Segment Start: SUPPLIED MATERIAL

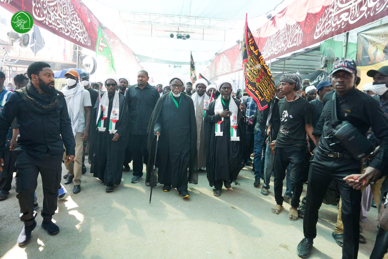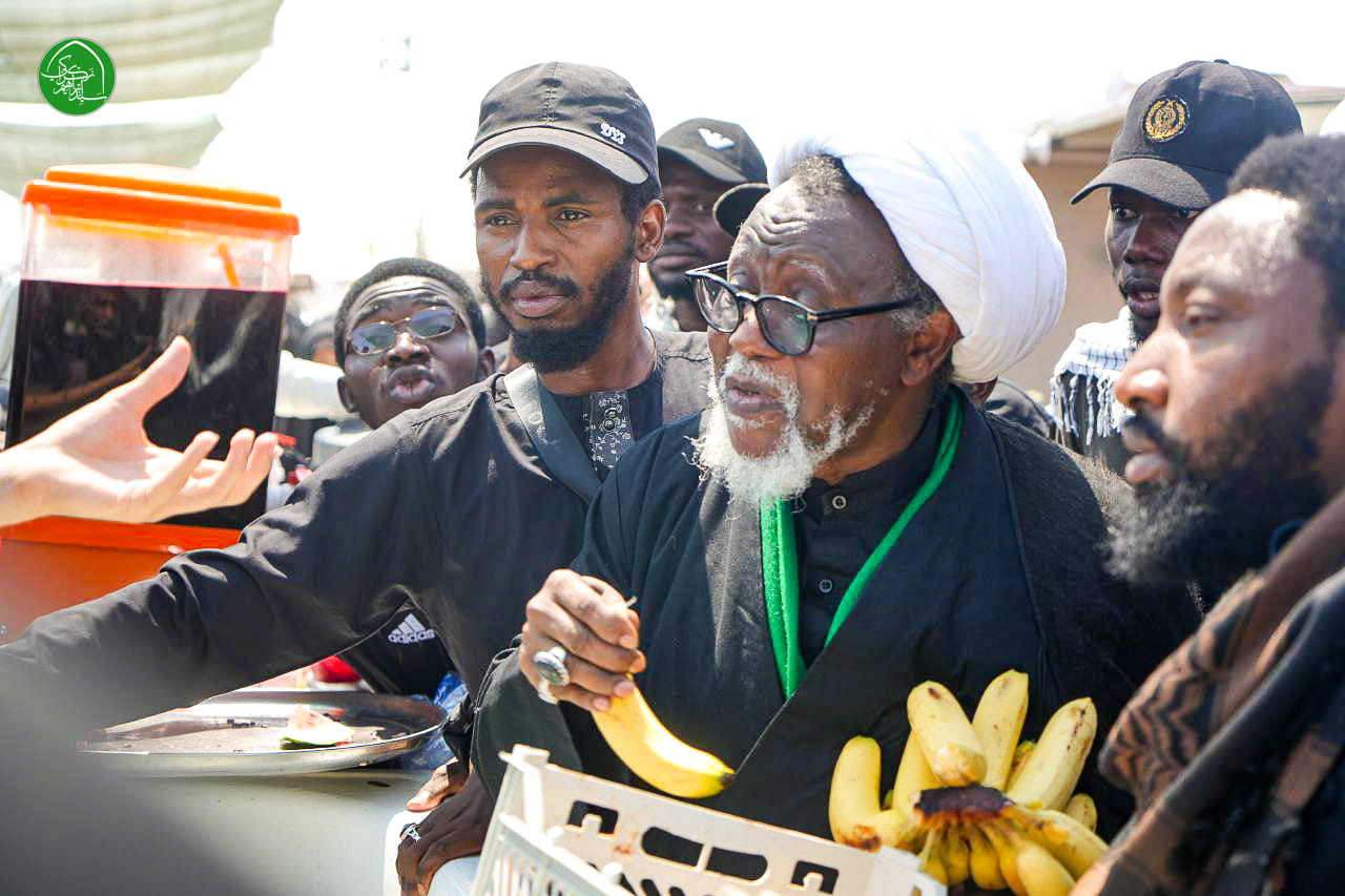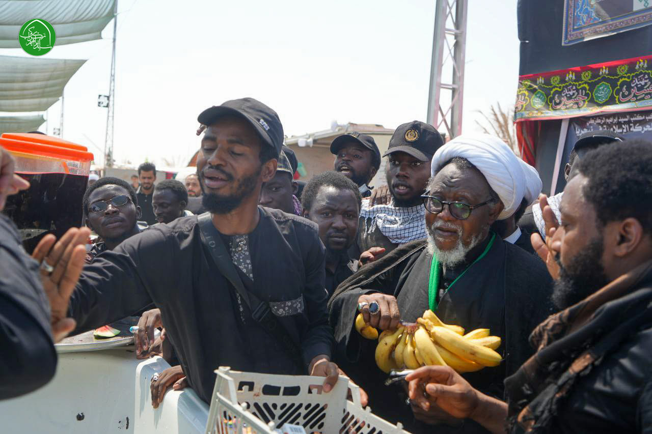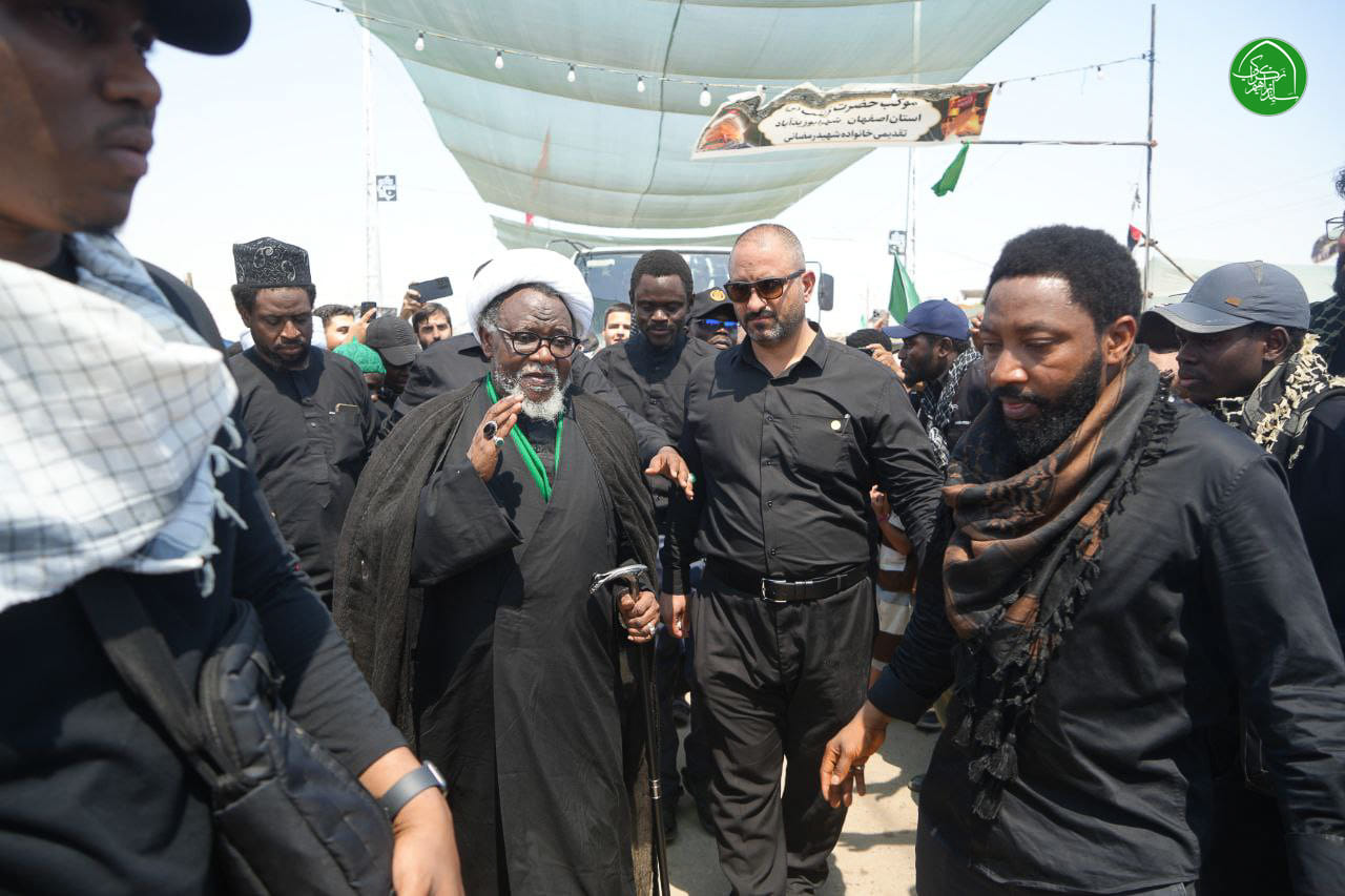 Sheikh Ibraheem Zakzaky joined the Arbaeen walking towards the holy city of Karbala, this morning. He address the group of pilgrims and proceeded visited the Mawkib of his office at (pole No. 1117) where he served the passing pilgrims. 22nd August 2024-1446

Segment End: SUPPLIED MATERIAL
Segment Start: SUPPLIED MATERIAL

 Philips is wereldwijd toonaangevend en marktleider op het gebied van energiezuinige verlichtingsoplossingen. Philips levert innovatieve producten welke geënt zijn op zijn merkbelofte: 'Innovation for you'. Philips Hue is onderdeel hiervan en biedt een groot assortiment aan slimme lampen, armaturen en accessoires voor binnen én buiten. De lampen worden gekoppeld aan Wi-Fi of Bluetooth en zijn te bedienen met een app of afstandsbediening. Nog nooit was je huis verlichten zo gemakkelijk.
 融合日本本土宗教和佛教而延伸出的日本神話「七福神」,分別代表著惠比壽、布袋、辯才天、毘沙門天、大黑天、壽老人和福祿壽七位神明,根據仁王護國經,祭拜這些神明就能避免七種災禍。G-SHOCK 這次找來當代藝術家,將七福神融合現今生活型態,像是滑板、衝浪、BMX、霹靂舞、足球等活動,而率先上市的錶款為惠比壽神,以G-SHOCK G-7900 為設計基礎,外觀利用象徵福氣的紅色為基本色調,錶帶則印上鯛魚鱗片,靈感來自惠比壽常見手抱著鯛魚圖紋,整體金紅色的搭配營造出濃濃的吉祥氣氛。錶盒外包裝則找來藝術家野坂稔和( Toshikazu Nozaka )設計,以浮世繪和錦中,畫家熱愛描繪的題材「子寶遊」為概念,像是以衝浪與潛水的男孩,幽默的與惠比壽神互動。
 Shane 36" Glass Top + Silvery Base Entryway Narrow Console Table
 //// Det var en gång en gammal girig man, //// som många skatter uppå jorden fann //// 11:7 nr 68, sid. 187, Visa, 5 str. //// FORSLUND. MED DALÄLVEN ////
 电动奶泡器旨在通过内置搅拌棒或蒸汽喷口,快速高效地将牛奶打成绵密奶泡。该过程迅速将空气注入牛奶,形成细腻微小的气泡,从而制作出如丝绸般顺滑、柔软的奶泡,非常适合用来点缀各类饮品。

Segment End: SUPPLIED MATERIAL

▶ _YOUR OBJECTIVE_: From the listing above, output exactly the run of lines that starts with the line containing "MED DALÄLVEN ////" and ends with the line containing "电动奶泡器旨在通过内置搅拌棒".

▶ _EXERCISE SOLUTION_:
 //// Det var en gång en gammal girig man, //// som många skatter uppå jorden fann //// 11:7 nr 68, sid. 187, Visa, 5 str. //// FORSLUND. MED DALÄLVEN ////
 电动奶泡器旨在通过内置搅拌棒或蒸汽喷口,快速高效地将牛奶打成绵密奶泡。该过程迅速将空气注入牛奶,形成细腻微小的气泡,从而制作出如丝绸般顺滑、柔软的奶泡,非常适合用来点缀各类饮品。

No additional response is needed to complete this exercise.